Task item: Word for word, restate the lines from the top of the records below through the line with "2.腾讯网:安徽美女程雨婷睡梦中去世,年岁,原因公开,男友在灵堂长跪", both included, with no pictures in the result.

Input material:
--- START ---
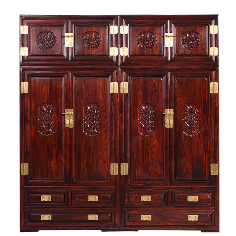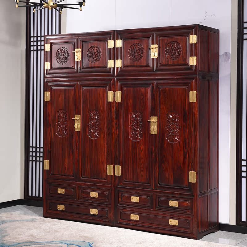 Renowned Beijing Peak Red Wood Furniture Wardrobe Top Box Cabinet Chinese Solid Wood Indonesia Black Acid Branches Broadleaf Yellow Sandalwood Clothing
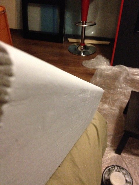 Bir gün kurumaya bıraktığımız ilk kat astardan sonra şimdi yine gözümüze çarpan özürleri macunlayarak işe başlıyoruz.
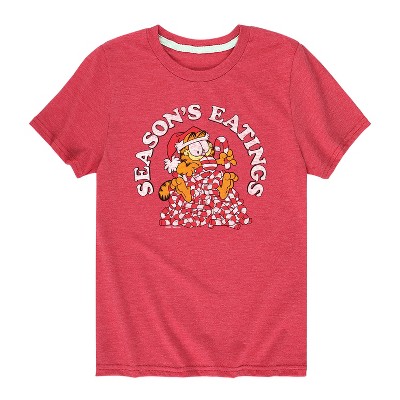 Garfield - Seasons Eatings - Toddler And Youth Long Sleeve Graphic T-Shirt - Bring the humor and laziness of the famous orange cat to your wardrobe with Garfield graphic apparel. Featuring Garfield, Odie, and Jon, these designs celebrate the iconic comic strip and its beloved characters.
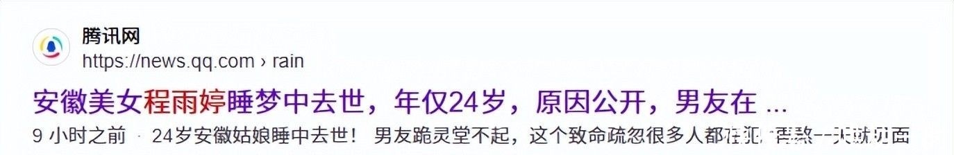 2.腾讯网:安徽美女程雨婷睡梦中去世,年岁,原因公开,男友在灵堂长跪
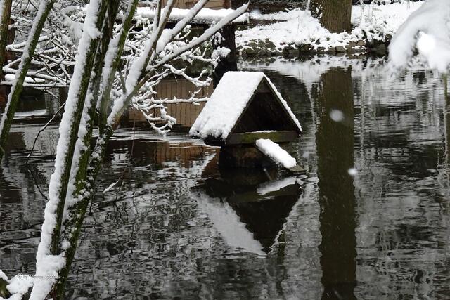 Spechtmeise, so wird auch der Kleiber genannt. Bei unserem Spaziergang heute entdeckten wir einen solchen, wie er erfolgreich trotz des kalten Wetters einen Wurm unter der Rinde hervor pulte. Wenig später konnten wir einen Buntspecht beobachten, der es auf die Spitze trieb. Leider war er zu weit weg, um ein richtig scharfes Bild von ihm zu bekommen. Auch eine Blaumeise ließ bei Schneefall blicken.
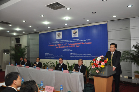作为教育部2011学校特色外专项目之一,首届“丝绸之路国际经济法高级国际研讨班系列——中国入世十年WTO法国际研讨班与圆桌讨论会”于11月4日上午在西安交大科学馆207隆重开幕。我国原驻英国大使马振岗、商务部条法司原司长张玉卿、世界贸易组织规则司司长Johann Human、瑞士伯尔尼大学世界贸易研究所所长Thomas Cottier、西安交大副校长卢天健、陕西省法学会研究部主任魏清利等出席开幕式。ld体育(中国)官方网站院长兼丝绸之路国际法与比较法研究所所长单文华教授主持开幕式。
--- END ---
The completed task:
 Renowned Beijing Peak Red Wood Furniture Wardrobe Top Box Cabinet Chinese Solid Wood Indonesia Black Acid Branches Broadleaf Yellow Sandalwood Clothing
 Bir gün kurumaya bıraktığımız ilk kat astardan sonra şimdi yine gözümüze çarpan özürleri macunlayarak işe başlıyoruz.
 Garfield - Seasons Eatings - Toddler And Youth Long Sleeve Graphic T-Shirt - Bring the humor and laziness of the famous orange cat to your wardrobe with Garfield graphic apparel. Featuring Garfield, Odie, and Jon, these designs celebrate the iconic comic strip and its beloved characters.
 2.腾讯网:安徽美女程雨婷睡梦中去世,年岁,原因公开,男友在灵堂长跪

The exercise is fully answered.